Are there limits to staying IC
In Korean IT companies, clear career paths for senior ICs are rare. Large companies have Principal Engineer or Staff Engineer titles, but at smaller companies, "Senior Developer" is often followed directly by "Team Lead."
Compensation differs too. Comparing managers and ICs at the same tenure, managers earn about 15-20% more according to surveys I've seen. (Varies by company.) Money alone shouldn't drive the decision, but it's hard to ignore.
And I keep hearing from senior colleagues that surviving as an IC gets harder with age. In your 40s, if you're still coding, people wonder "why haven't you become a manager yet?" I'm not sure if this is uniquely Korean or universal.
Would I even be good at managing
Honestly, I'm not confident. In conflict situations, I often don't know what to do. Could I mediate disagreements between team members, or give constructive feedback to someone underperforming?
And I'm the type who loses awareness of surroundings when focused. Three hours vanish when I'm coding. Becoming a manager means that flow time disappears. Am I ready to give that up? Not yet.
On the other hand, deciding technical direction and shaping a team's development culture sounds interesting. Being a manager isn't just "management."
What about the hybrid approach
A lot of people hope for "coding and managing," but I've heard repeatedly that it doesn't work in practice. You end up doing both halfway. From the team's perspective, "our lead missed an issue because they were busy coding" breeds resentment.
Small teams (3-4 people) might be different.

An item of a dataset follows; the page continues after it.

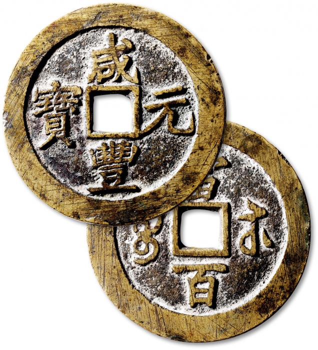 清“咸丰重宝”宝苏局当百一枚,断笔咸,直径:62.7mm,此币铸造精良,字口深峻清晰,形制规整,包浆自然,极美品

Less management overhead. Our team is 6, and the lead says managing 6 people while also coding is unrealistic.
I looked at how others did it
Searched developer communities for people who've been IC for 10+ years. Abroad, many companies have clear IC paths: Staff Engineer, Principal Engineer. Compensation is equal to or even higher than managers in some cases.
But in Korean startups, I've almost never seen that. Maybe at the big tech companies (the so-called "NAVER-Kakao-LINE-Coupang-Baemin" tier), but at my company's scale, after Senior comes Team Lead. If there's no IC path, it's ultimately manager or leave. That's a worry too.
A senior told me "you have to try management to know it doesn't fit." Probably true, but I worry about whether you can actually come back. I've heard switching from manager back to IC isn't easy.
Still no conclusion
A month of thinking and I still don't know. I'll probably tell the lead "I want to keep growing as an IC this year, let's revisit next year." I know that's deferring the decision. But starting the manager path without conviction could make both me and the team miserable.
One thing I'm sure of: the desire to keep coding is still strong. I don't know how long that lasts, but that's where I am right now.
Anyway, I need an answer by the next 1:1. More thinking to do.